В воскресенье Варфоломей вызвался показать Гурьяну город. Они позавтракали в ближайшей кухмистерской. Потом колесили по Питеру, — где пешком, где конкой. Город уже не казался Гурьяну дремучим каменным лесом, в котором, как мнилось еще недавно, стоит сделать шаг в сторону от товарища, — и сразу же заблудишься. Каждый дом был не похож на другой, как не похожи друг на друга человеческие лица.

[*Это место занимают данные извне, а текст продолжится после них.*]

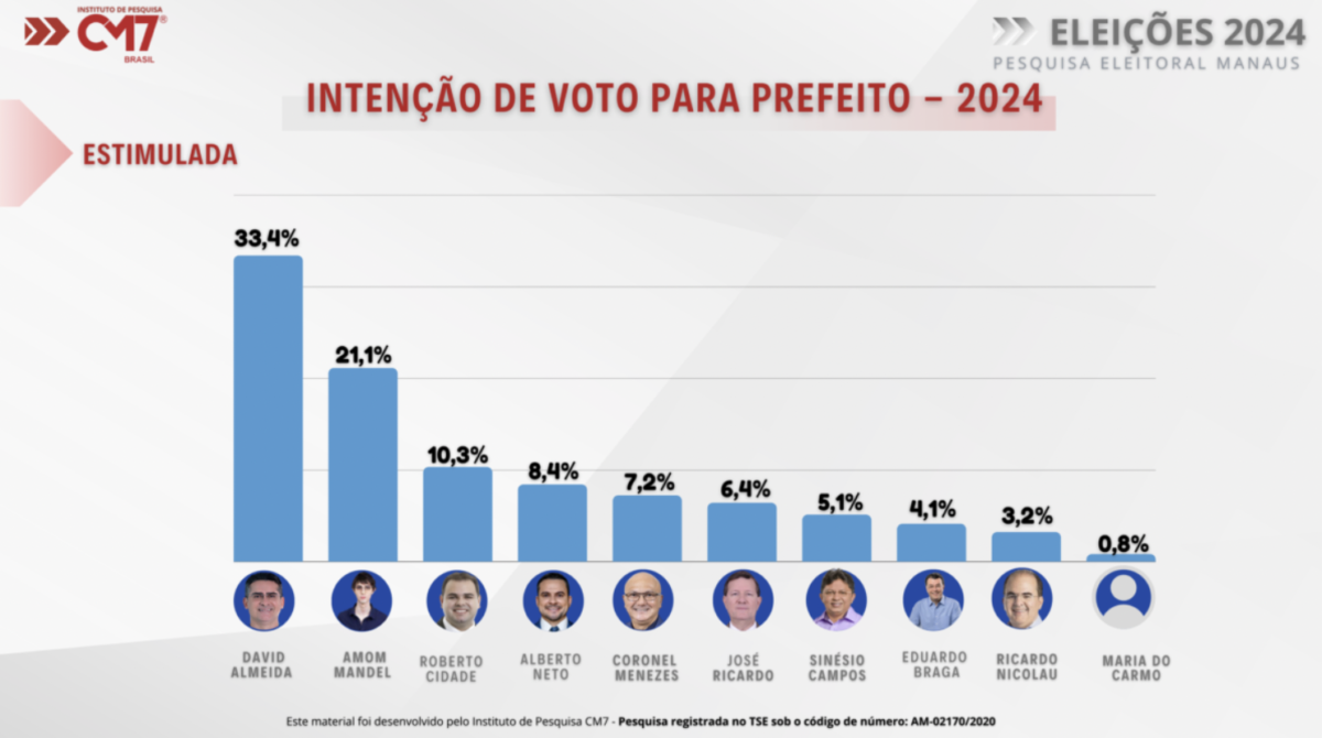 Na pesquisa estimulada, o cenário se repete. David Almeida (Avante) segue ocupando o primeiro lugar, com 33,4% das intenções de voto, enquanto Amom Mandel (Cidadania) aparece com 21,1%.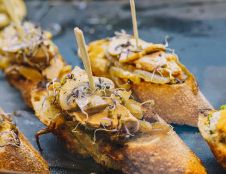 Typical snack of Basque Country and Navarre, pinchos or pinxtos, ready to eat in bar, small slices of bread with topping or mixture of toppings, San Sebastian, Spain, close up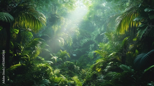 © ganthari, Obraz premium Lush jungle path bathed in sunlight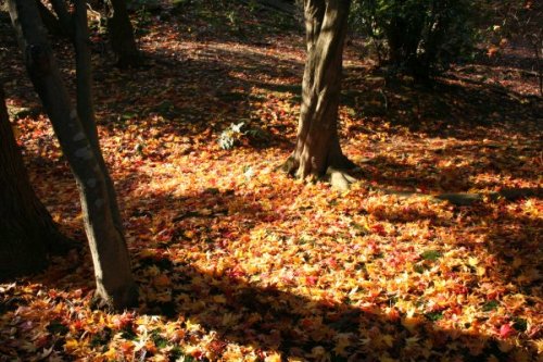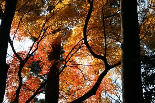 風が吹くと色づいた枯れ葉がハラハラと舞い散る。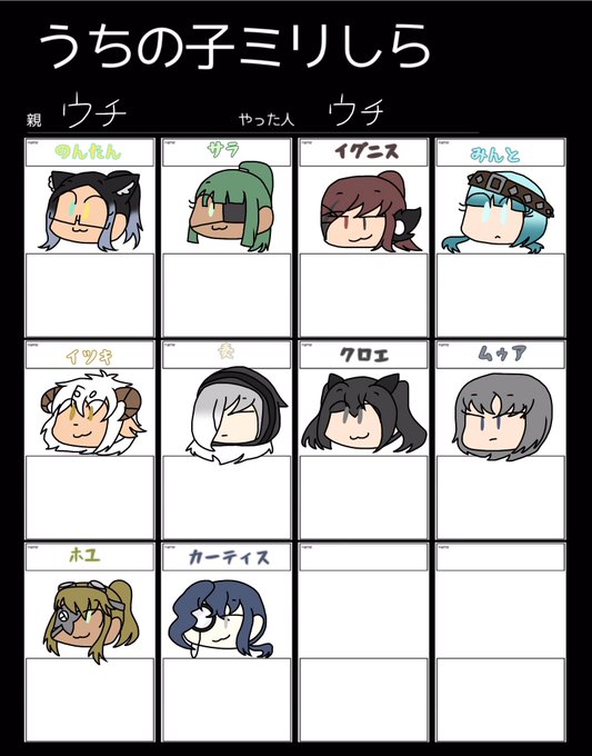 #うちの子ミリしら 便乗です(疲れた) 2枚目は説明です(雑い)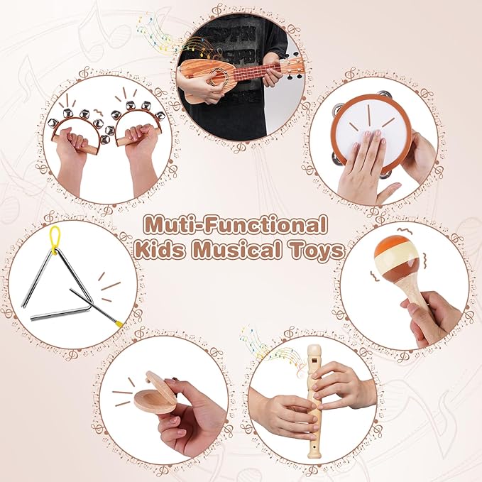 - High-quality Material: The musical instruments set is made of high-quality materials with smooth edges. The ukulele uses four sturdy nylon strings, The ukulele uses four sturdy nylon strings, which create a stable and crisp sound. It's not easy to break and user-friendly to toddlers' fingers, which is perfect for beginners.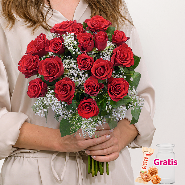Romantisches Rosenpräsent mit 18 roten Rosen umspielt von Schleierkraut. Die Rosen sind ca. 40 cm lang und haben eine Kopfgröße von ca. 3,5 cm. Frisch für Dich zusammengestellt, mit Pflegetipps, Blumennahrung und Wasser versorgt.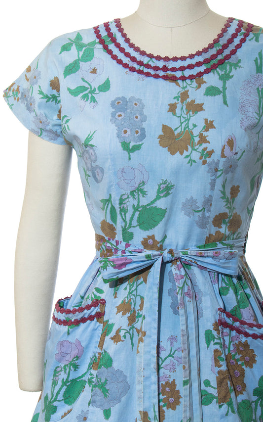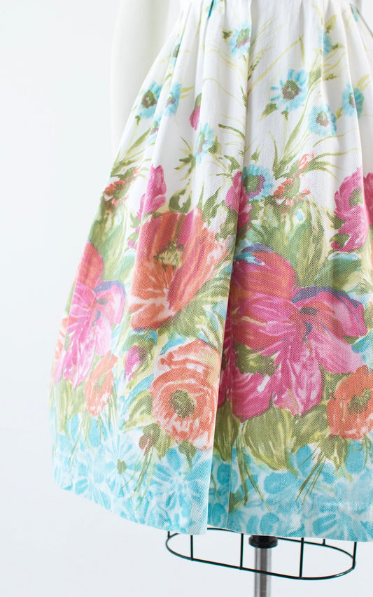 1950s Floral Border Print Cotton Shirt Dress | medium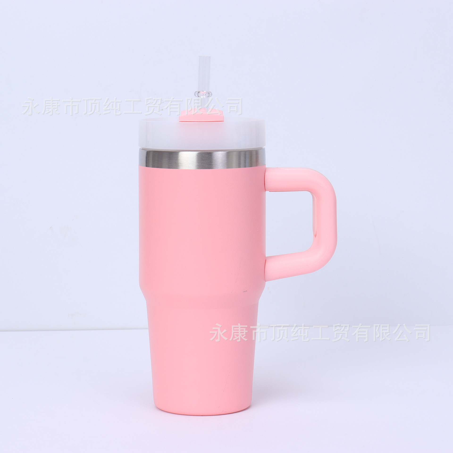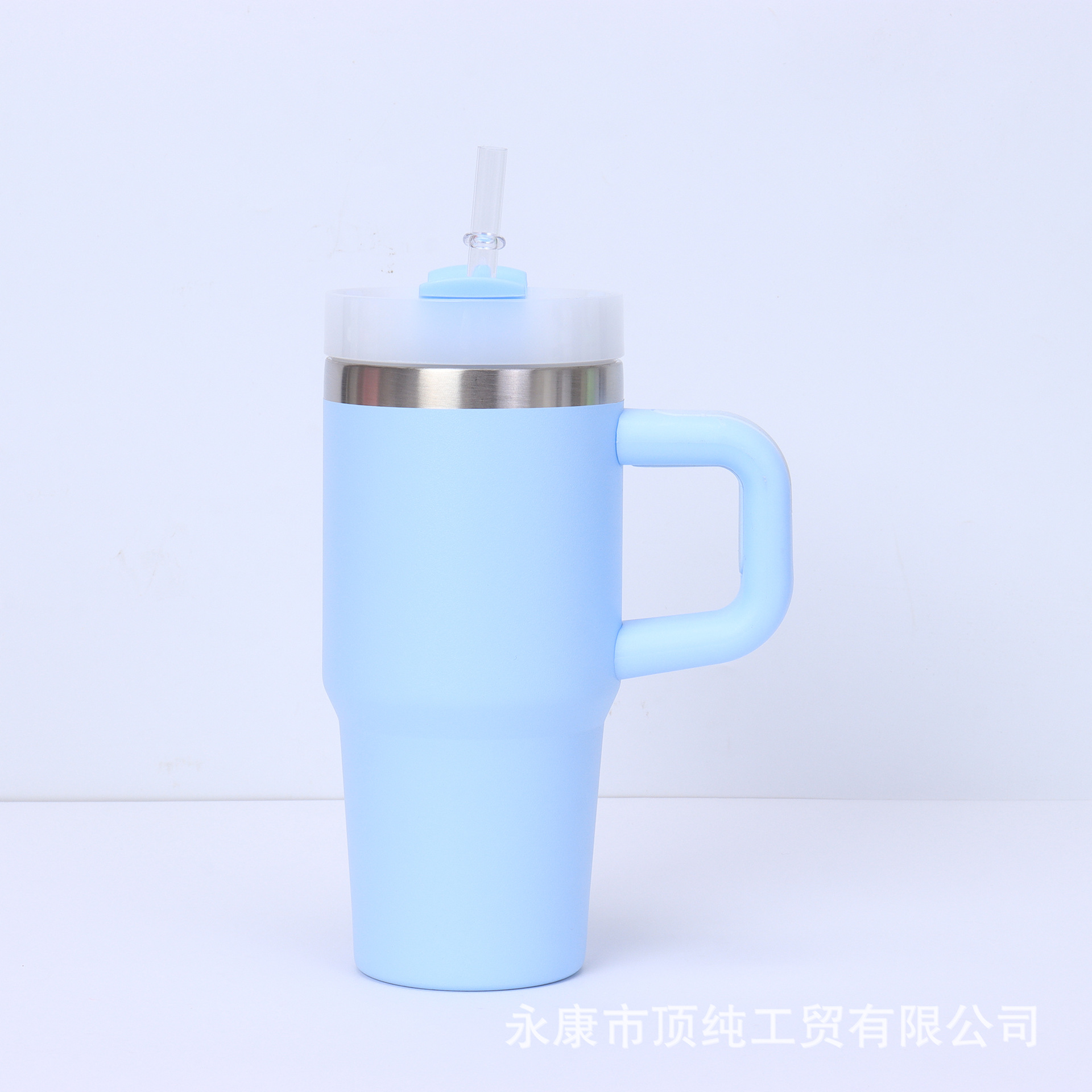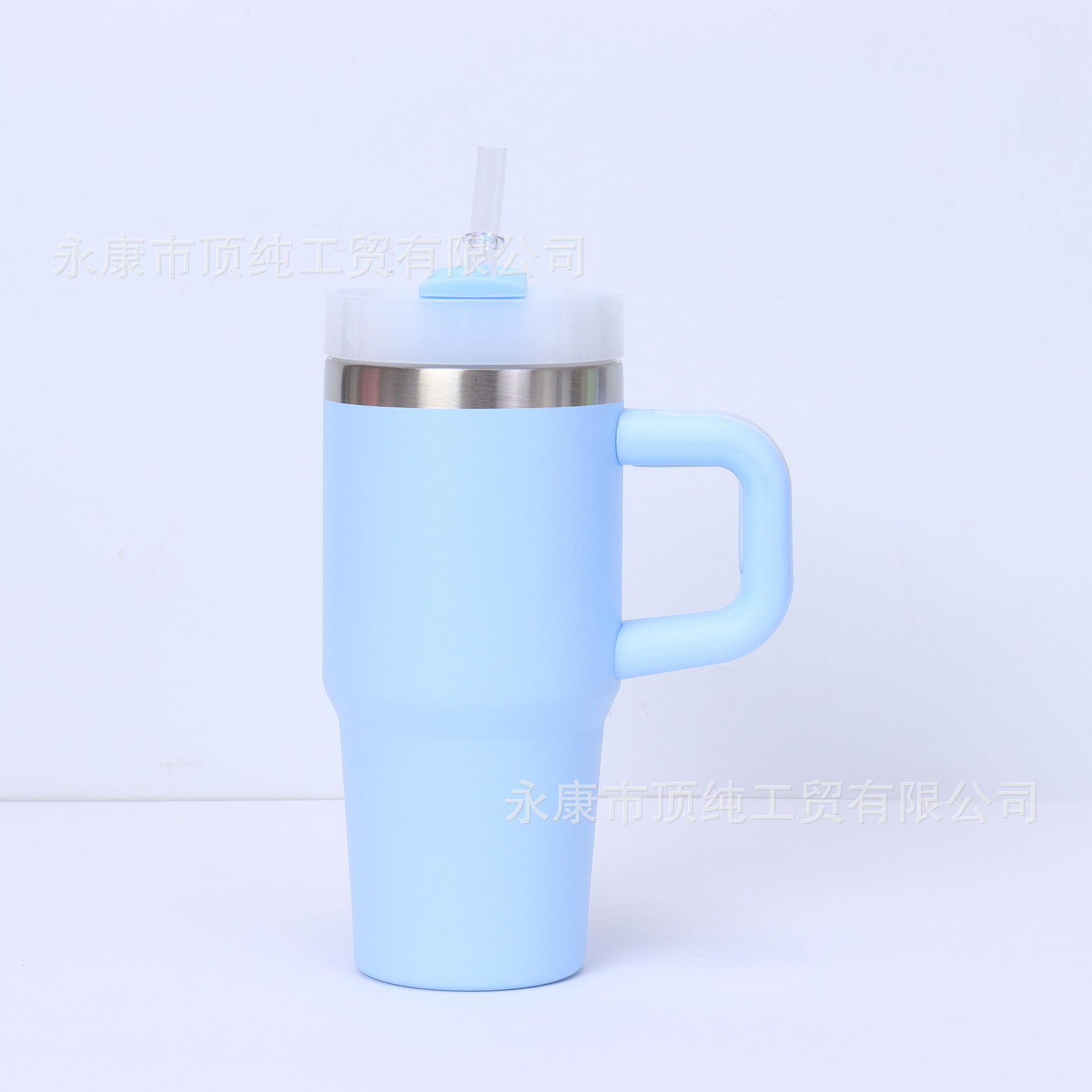 14온스 2세대 핸들 자동차 컵 304 스테인레스 스틸 진공 단열 콜드 컵 휴대용 자동차 빨대 아이스 컵

Товарищ взял его под руку и повел к подъезду трехэтажного зеленого дома. Поднялись по широкой лестнице на второй этаж, и Гурьян поразился: они оказались в залах, заставленных столами и полками, на которых теснились склянки с прозрачной жидкостью, а в тех банках, — ну и ну! — человеческие уродцы; тут же — чучела двухголовых тварей; на стенах — картины с изображением диковинного зверья.
— Кунсткамера, — объяснил Варфоломей. — Музей.
Наглядевшись на редкостные уродства, Гурьян потащил товарища к выходу.
— Айда отсюда. Нашел куда привести!
— Разве неинтересно?
— Теперь всю ночь не усну — в глазах все это мерещиться будет. Нашим бы аловцам показать такое! Глазам бы не поверили!..
Ажурные чугунные решетки оград, всадник на вздыбленной лошади, гранитные берега реки, диковинные звери с человечьими лицами — все удивляло и поражало Гурьяна.
— Нравится тебе город? — спросил Варфоломей.
— И во сне такого не видывал.
Варфоломей облокотился спиной на гранитный парапет набережной и вдруг странно заговорил, словно читал молитву:
Люблю тебя, Петра творенье.
Люблю твой строгий, стройный вид,
Невы державное теченье,
Береговой ее гранит…
Гурьян удивленно взглянул на него:
— Складно сказал. В книге прочел?
— В книге. А ты читаешь хорошо по-русски?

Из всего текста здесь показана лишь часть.